One of Europe's top rabbis welcomed pro-EU centrist Emmanuel Macron's victory in the French presidential election, saying voters sent a "very powerful" message to the country's far-right.


Macron's sound defeat of far-right rival Marine Le Pen in the run-off vote is "very good news for France," said Rabbi Pinchas Goldschmidt, president of the influential Conference of European Rabbis.

"The fact that two-thirds of French voters didn't want a far-right government is a very powerful statement," Goldschmidt told AFP.

Many of the votes cast were not for Macron, rather "it was a protest vote against Marine Le Pen," he said.

Goldschmidt however said Jewish communities -- including in France -- were increasingly worried about right-wing, anti-Semitic sentiment creeping into mainstream politics.

Despite Le Pen's efforts to purge her National Front (FN) party of the anti-Semitism which became its trademark under the leadership of her father Jean-Marie Le Pen, the party continues to court controversy over the issue.

Last month interim party leader Jean-Francois Jalkh was forced to step down after he was accused of praising a Holocaust denier.

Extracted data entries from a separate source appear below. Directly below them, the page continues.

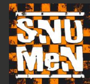
SNU:MeN (LP) – 2017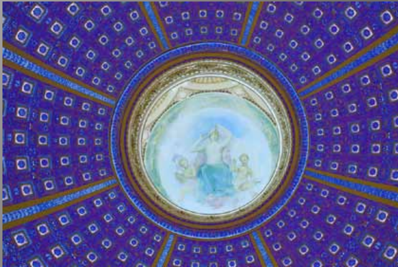
HM - Bob Webber "Under the Blue Dome"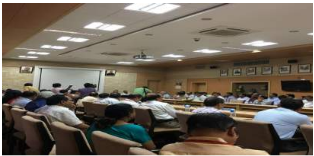
राष्ट्रीय अनुसूचित जनजाति आयोग द्वारा वल्लभ भवन, भोपाल में ली जा रही राज्य स्तरीय समीक्षा बैठक के दृश्य।

NCST_11R_2015-16_CH.2_ACTIVITIES OF THE NATIONAL COMMISSION FOR SCHEDULED TRIBES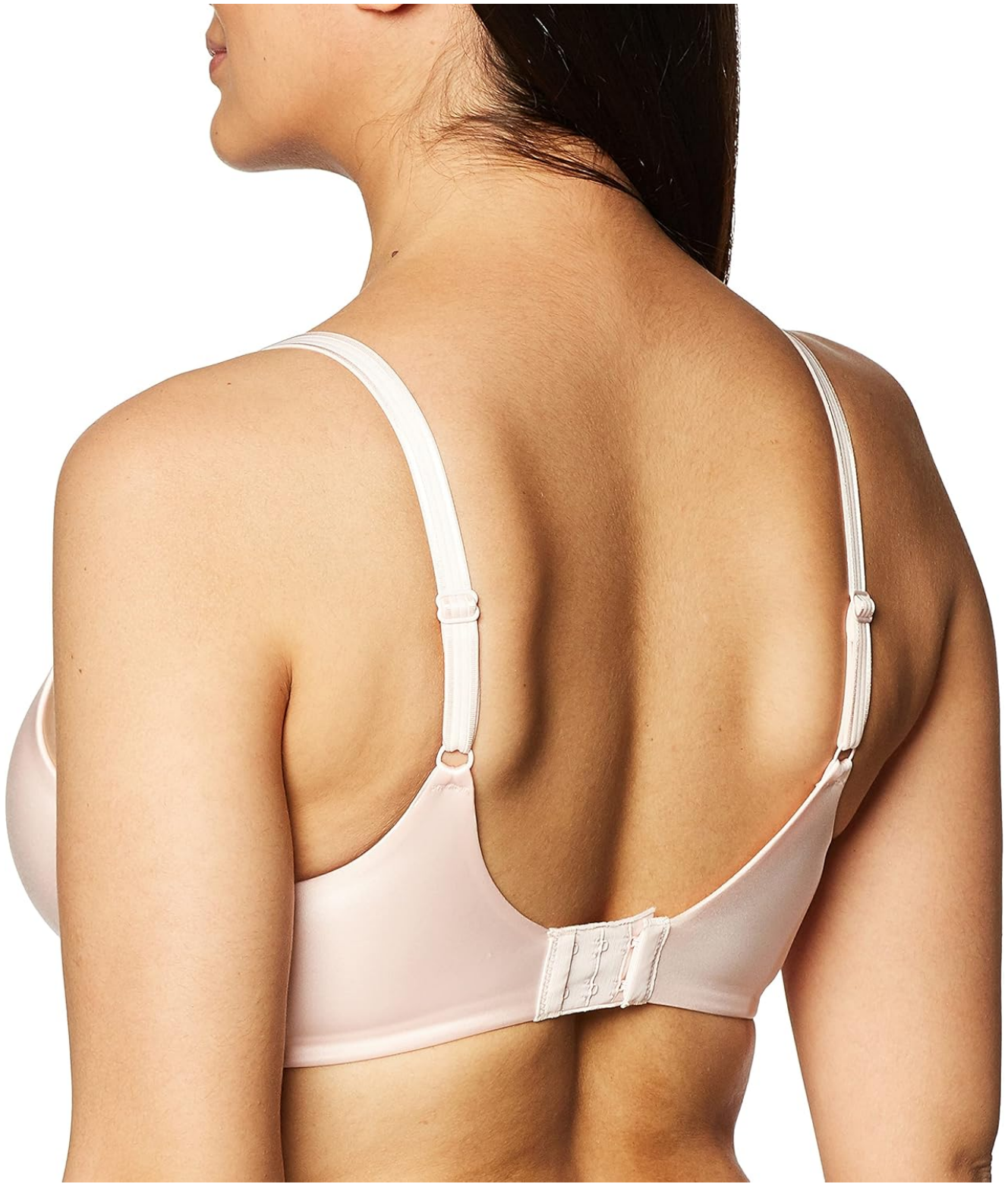
Side profile of the bra, demonstrating the full coverage and seamless cup design.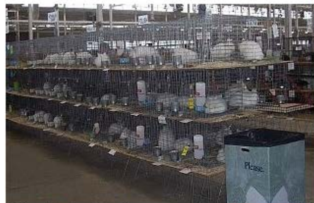
The Lionhead cooping wrapped around one end of the cages since we had so many entries.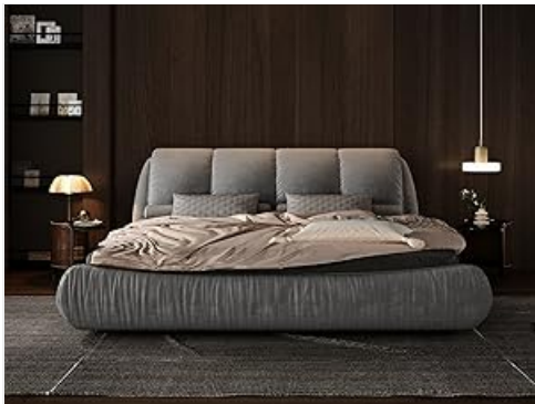
Image: Detailed view highlighting the extra soft headboard, skin-friendly polyester fabric, and the embedded design of the bed frame. This image emphasizes the material quality and construction features relevant to maintenance.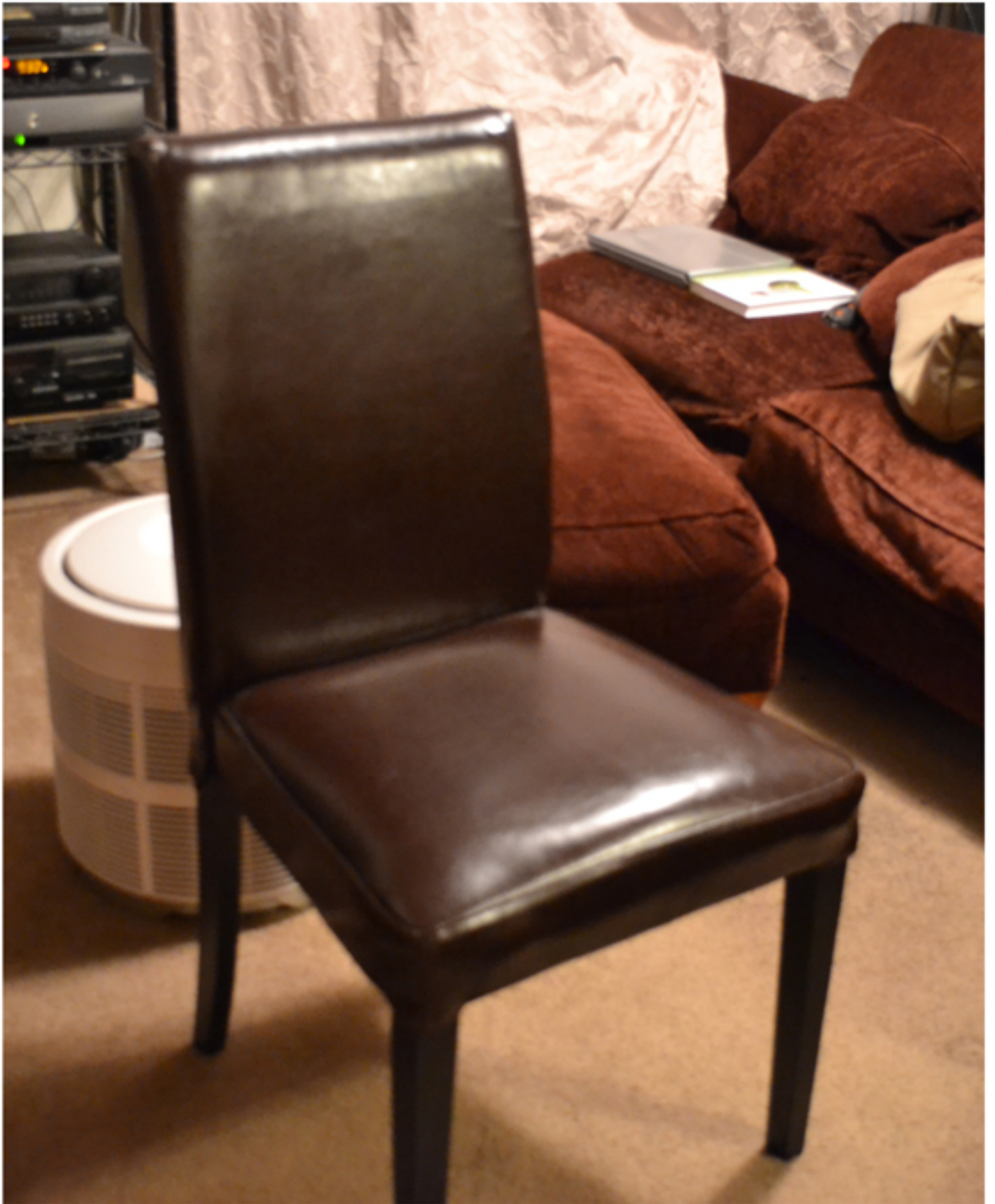
C - Quantity (3)

Jalkh strenuously denied making the remarks.

Le Pen herself drew criticism for saying that today's France bore no responsibility for the roundup and deportation of French Jews during World War II.

"If the French police and Vichy officials who collaborated (with the Nazis) did not load up people and send them to Germany, then, who did?" said Goldschmidt.

Today French Jews, the largest community outside of the United States and Israel, have been leaving France at a steady pace since around 2005.

Elsewhere on the continent, Jewish communities are alarmed about proposals in Norway to ban ritual circumcision for boys under the age of 16, as well as a vote to ban ritual slaughter in the French-speaking part of Belgium, Goldschmidt said.

He was speaking ahead of a three-day biennial convention in Amsterdam that will bring together more than 70 chief rabbis to discuss issues including rising anti-Semitism and how to protect Europe's Jewish communities.

"Targeted attacks against members of the Jewish community in recent years... demonstrate that anti-Semitism is not a curse of the past, but is a threat and a reality in Europe," the Council of Europe's Parliamentary Assembly said last year.